Most gun prohibitionists who look to the Bible for support do not cite specific interdictions of weapons (there are none) but instead point to the general passages about peace and love, such as "Do not resist an evil person. If someone strikes you on the right cheek, turn to him the other also" (Matthew 5: 38-39); "Love your enemies and pray for those who persecute you" (Matthew 5: 43); and "Do not repay anyone evil for evil." (Romans 12: 17).
None of these exhortations take place in the context of an imminent threat to life. A slap on the cheek is a blow to pride, but not a threat to life. Reverend Anthony Winfield, author of a study of Biblical attitudes towards weapons, suggests that these verses command the faithful not to seek revenge for evil acts, and not to bear grudges against persons who have done them wrong. He points to the passage "If it is possible, as far as it depends on you, live in peace with everyone" (Romans 12: 18), as showing an awareness that in extreme situations, it might not be possible to live in peace. [128]
Further evidence that the New Testament does not command universal pacifism is found in the missions of John the Baptist and Peter, both of whom preached to soldiers who converted. Neither John nor Peter demanded that the soldiers lay down their arms, or find another job. (Luke 3: 14; Acts 10: 22-48).
John did tell the soldiers "Don't extort money, and don't accuse people falsely," just as he told tax collectors "Don't collect any more than you are required to." The plain implication is that being a soldier (or a tax collector) is not itself wrong, so long as the inherent power is not used for selfish purposes.
Of course most gun prohibitionists do not see anything wrong with soldiers carrying weapons and killing people if necessary. But if--as the New Testament strongly implies--it is possible to be a good soldier and a good Christian, then it is impossible to claim that the Gospel always forbids the use of violence, no matter what the purpose. The stories of the soldiers support Winfield's thesis that the general Speace and love" passage are not blanket prohibitions on the use of force in all circumstances.
Is an approving attitude towards the bearing of arms confined to professional soldiers? Not at all. At the last supper, Jesus' final instructions to the apostles begin: "When I sent you without purse, bag, or sandals, did you lack anything?"
"Nothing," the apostles answer.
Jesus continues: "But now, if you have a purse, take it, and also a bag; and if you don't have a sword, sell your cloak and buy one." He ends by observing "what is written about me is reaching its fulfillment."

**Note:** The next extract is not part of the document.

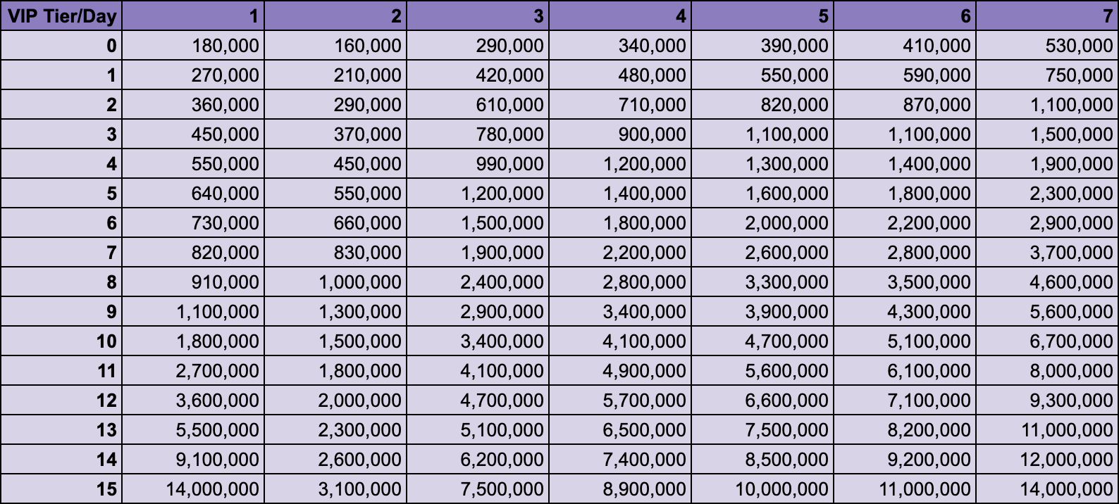 - The number of free virtual coins you receive for signing in depends on your VIP tier, as shown in the chart below.

The apostles then announce, "Lord, behold, here are two swords," and Jesus cuts them off: "That is enough." (Luke 22: 36-38).
Even if the passage is read with absolute literalness, Jesus was not setting up a rule that every apostle must carry a sword (or a purse or a bag). For the eleven, two swords were "enough."

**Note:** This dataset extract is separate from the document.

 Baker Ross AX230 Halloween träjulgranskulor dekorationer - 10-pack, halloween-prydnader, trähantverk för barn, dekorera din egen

More importantly, Jesus may not have been issuing an actual command that anybody carry swords, or purses, or bags. The broader, metaphorical point being made by Jesus was that the apostles would, after Jesus was gone, have to take care of their own worldly needs to some degree. The purse (generally used for money), the bag (generally used for clothing and food), and the sword (generally used for protection against the robbers who preyed on travelers, including missionaries, in the open country between towns) are all examples of tools used to take care of such needs. When the apostles took Jesus literally, and started showing him their swords, Jesus, frustrated that they missed the metaphor, ended the discussion. The metaphorical interpretation is supported by scholarly analysis, and seems to best account for the entire conversation.
Even when reduced to metaphor, however, the passage still contradicts the rigid pacifist viewpoint. In the metaphor, the sword, like the purse or the bag, is treated as an ordinary item for any person to carry. If weapons and defensive violence were illegitimate under all circumstances, Jesus would not have instructed the apostles to carry swords, even in metaphor, any more than Jesus would have created metaphors suggesting that people carry demonic statues for protection, or that they metaphorically rape, rob, and murder.

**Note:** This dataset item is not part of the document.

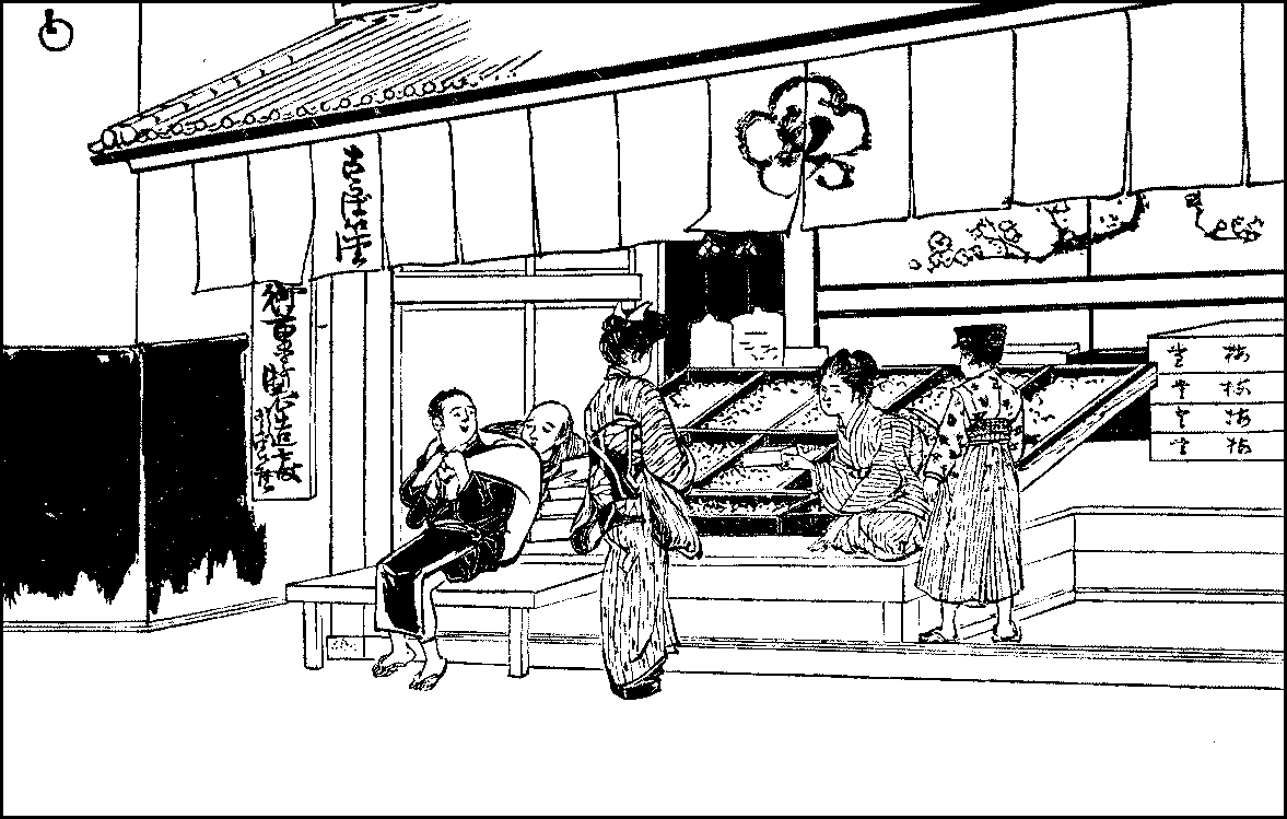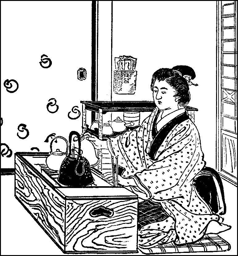 Rice—Sake—Wheat and barley—Soy sauce—Mirin—Rice-cooking—Soap—Pickled vegetables—Meal trays—Chopsticks—Breakfast—Clearing and washing—The kitchen—The little hearth—Pots and pans—Other utensils—Boxes and casks—Shelves—The sink and water-supply—The midday meal—The evening meal—Sake-drinking.

A few hours after the final instructions to the apostles, when soldiers arrived to arrest Jesus, and Peter sliced off the ear of one of their leaders, Jesus healed the ear. He then said "No more of this" (Luke 22: 49-51) or "Put your sword away" (John 18: 10) or "Put your sword back in its place, for all who draw the sword will die by the sword" (Matthew 26: 52). (The quotation is sometimes rendered as "He who lives by the sword will die by the sword.") [129]
Jesus then rebuked the soldiers for effecting the arrests with clubs and swords, for Jesus was "not leading a rebellion." The most immediate meaning of these passages is that Jesus was preventing interference with God's plan for the arrest and trial. Additionally, Jesus was instructing the apostles not to begin an armed revolt against the local dictatorship or the Roman imperialists. Jesus had already refused the Zealots' urging to lead a war of national liberation.
Do the passages also suggest a general prohibition against drawing swords (or other weapons) for defense? The versions of the story recounted in Luke and John do not, but the version in Matthew could be so read.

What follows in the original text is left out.